To start with he had had trouble making up his mind, and then, when he had belatedly come to a decision, he had consciously made the wrong choice.

Although his usually healthy appetite had suddenly deserted him (and that was another symptom too) he knew very well that in the field it was always best to eat when the opportunity presented itself. So reason decreed that he ought to stoke up with the hot sausages the pub was serving, or some of the serviceable veal and ham pie, or even the bread and cheese and pickled onions.

Yet here he sat, staring sourly into his second whiskey and soda, knowing that it wasn’t doing him the least good.

It wasn’t that he was a misogynist, he told himself for the thousandth time. It was patently irrational to hate them all because of the gross betrayal and infidelity of one.

It was simply that he knew he didn’t understand them. Or rather, he knew that understanding women was a skill given to some and not others, like the ability to judge the flight of a cricket ball instinctively. Or maybe it was like tone deafness and colour blindness.

But whatever it was, he hadn’t got it. And without it he feared and distrusted himself, and was ashamed.

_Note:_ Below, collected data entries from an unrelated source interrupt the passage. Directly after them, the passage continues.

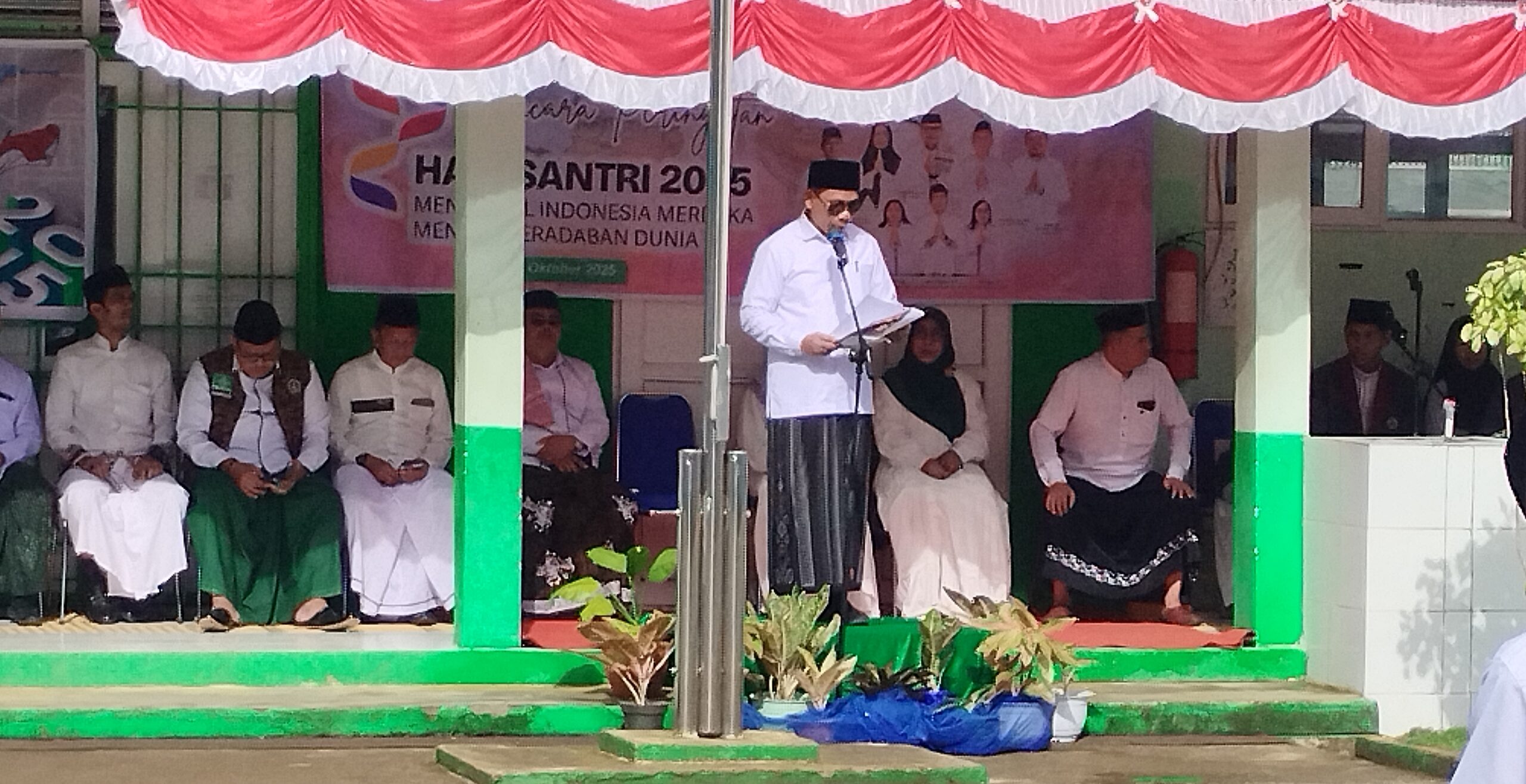 Pengibaran bendera merah putih dilangsungkan oleh paskibraka dari santri yang terpilih. Prosesi pengibaran bendera merah putih dilangsungkan secara khidmat oleh ribuan santri yang mengikuti perayaan Hari Santri yang ke X.
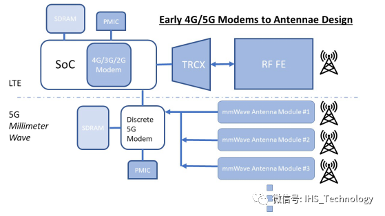 图 2 – 采用分立式5G调制解调器和射频前端的第一代5G设计
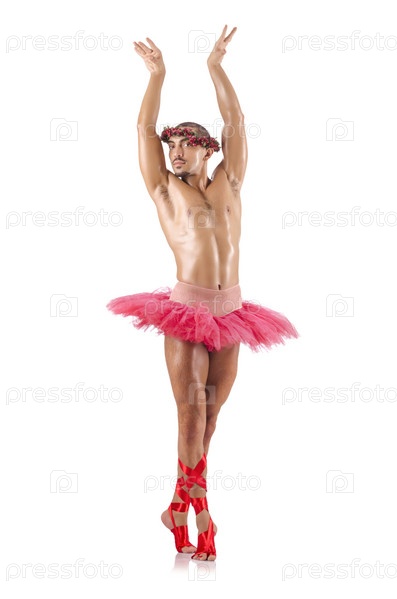 Мужчина в пачке на белом фоне
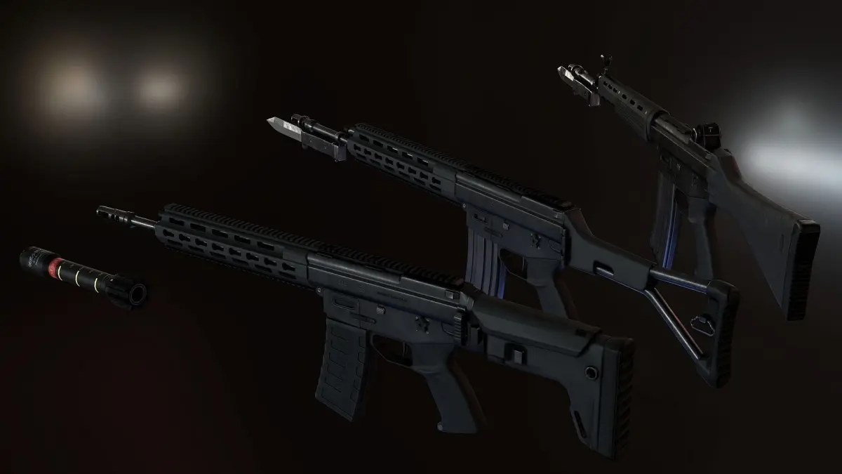 Pack contain three versions of rifle: classic with fixed polymer stock, Rifle with modern front guard and folding stock and short with modern front guard and classic folding stock. I also added standard Japanese type06 HEAT grenade and bayonets, that have separate bones for easier animations.

He looked again at his watch. Sir Geoffrey had seemed confident that he could arrange a rendezvous for this place and time, and his duty to interview her was inescapable: if the rumour of that unofficial engagement were true she ought to know more about Smith’s state of mind than anyone else, though he was hardly the best man to extract her information.

He snorted with self-contempt and reached out for his glass.

“Colonel Butler.”

Whatever Polly Epton was, she was certainly no slip of a girl; she was a well-built, well-rounded young woman—the American term “well stacked” popped up in Butler’s mind. Indeed, although not conventionally pretty she glowed with such health and wholesomeness that the Americanism was instantly driven out by women’s magazine images of milkmaids, butter churns and thick cream.

It was ridiculous, but he felt himself praying enviously
I
hope my girls grow up like this.

“Colonel Butler?” she repeated breathlessly, and this time a shade doubtfully, as though a certain identification had let her down.